两人穿街走巷,半个时辰后,抵达了城东的一处偏僻院落。
这是一座看似普通的民宅,门前种着两棵老柳树,院墙低矮,透着一股子寻常人家的烟火气。但沈砚辞能感觉到,院墙内,有一股微弱却熟悉的波动——金缕玉衣残片的金芒,正与萧景玄怀中的龙鳞遥相呼应。
"就是这里。"他低声道。
萧景玄上前,轻轻叩门。三长两短,是影卫旧部的联络暗号。
门开了。开门的是一个约莫四十岁上下的男人,面容普通,身材敦实,手上布满老茧。他打量了两人一眼,目光在萧景玄脸上停留了一瞬,瞳孔微缩,但没有出声,只是侧身让开。
两人闪身入内,门在身后无声合拢。
院子里收拾得很干净,种着几畦青菜,角落里堆着柴火。正房的灯亮着,透过窗纸,能看到一个佝偻的身影正在灯下忙碌。
"青黛姑姑?"萧景玄试探着开口。
正房的门开了。青黛走了出来,依旧是那副苍老佝偻的模样,但眼中多了几分疲惫和紧张。
"王爷,沈公子。"她压低声音,"你们来了。快进来。"
三人进入正房。屋内陈设简单,一桌两椅,墙上挂着几幅字画。青黛关好门窗,拉上窗帘,才松了一口气,在桌边坐下。
"外面什么情况?"萧景玄问。
青黛的脸色很难看:"太子重伤,至今未醒。影七守在东宫,寸步不离。但'它'……"她顿了顿,声音压得更低,"'它'的爪牙已经全面出动。不止影卫,连一些朝廷的官员,似乎也被控制了。三天内,京城已有十七户人家被搜,其中三户……满门消失。"
沈砚辞和萧景玄对视一眼,都看到了彼此眼中的凝重。
"十七户……"萧景玄沉声道,"可有规律?"
"有。"青黛从怀中取出一张皱巴巴的纸,铺在桌上。纸上画着京城的简易地图,上面用红笔圈出了十七个位置。"你们看,这些被搜的地点,连起来,恰好是一个圈。圆心……是慈幼局。"
沈砚辞瞳孔微缩。慈幼局!哑娘在那里!
"哑娘前辈她——"
"她没事。"青黛摇头,"老奴已经派人去通知她转移了。但'它'的搜索范围正在缩小,照这个速度,最多再有两天,整个城南都会被翻个底朝天。"
萧景玄盯着那张地图,眉头紧锁:"这不是普通的搜捕。这是一个阵法——以搜索为掩护,实际上是在布阵。十七个点,连成一个圈,圈住圆心。这是……"
"困阵。"沈砚辞接话。他左臂的心镜微微发热,那些丝线网络正在缓慢搏动。"他们在城南布了一个困阵,试图将某样东西——或者某个人——困在阵中。"
"哑娘。"萧景玄的声音冷了下来。
"不止。"沈砚辞闭上眼,将心神沉入心镜。他能"看到"城南方向,无数根阴冷的能量丝线正在地下蔓延,交织成一个巨大的、碗状的网,将整个慈幼局区域笼罩其中。"他们在试图切断哑娘与龙脉的连接。天绣局的人,尤其是像哑娘这样与龙脉共鸣极深的人,一旦被切断连接,就会变成'它'的养料。"
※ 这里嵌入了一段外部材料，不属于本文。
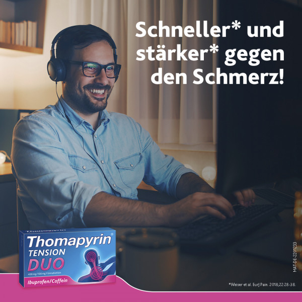 Thomapyrin TENSION DUO ist nur für Erwachsene angezeigt. Wenn Sie sich nach 3 Tagen nicht besser oder gar schlechter fühlen, müssen Sie sich an Ihren Arzt wenden.

青黛倒吸一口凉气:"那怎么办?哑娘她……她虽然转移了,但阵法已成,她只要还在城南,就逃不掉。"
萧景玄猛地站起身:"我们必须破阵。"
"不行。"沈砚辞也站了起来,声音冷静得可怕,"以我们现在的实力,硬闯困阵,等于送死。而且……"
他看向萧景玄:"你有没有想过,'它'为什么要在城南布阵?"
萧景玄一愣。
"因为'它'在害怕。"沈砚辞的声音中,带着一种前所未有的笃定,"太子重伤,影巢阳火受创,'它'失去了最锋利的刀。而哑娘——她是天绣局旧部中,与龙脉共鸣最深的人之一。'它'怕她做什么?"
青黛的眼中闪过一丝明悟:"怕她……织补龙脉?"
"对。"沈砚辞点头,"'它'切断龙脉的计划,需要时间。而哑娘的存在,是唯一可能在这段时间内修复龙脉断裂点的人。所以'它'要趁太子养伤期间,先把哑娘解决掉。"
萧景玄沉默了片刻,忽然道:"那如果我们反过来呢?"
"什么?"
"如果'它'以为哑娘是目标,那我们就让哑娘成为诱饵。"萧景玄的眼中,闪过一丝锋利的寒光,"'它'布困阵,需要消耗力量。阵法一旦成型,短时间内无法移动。如果我们能在阵法完成之前,从内部——"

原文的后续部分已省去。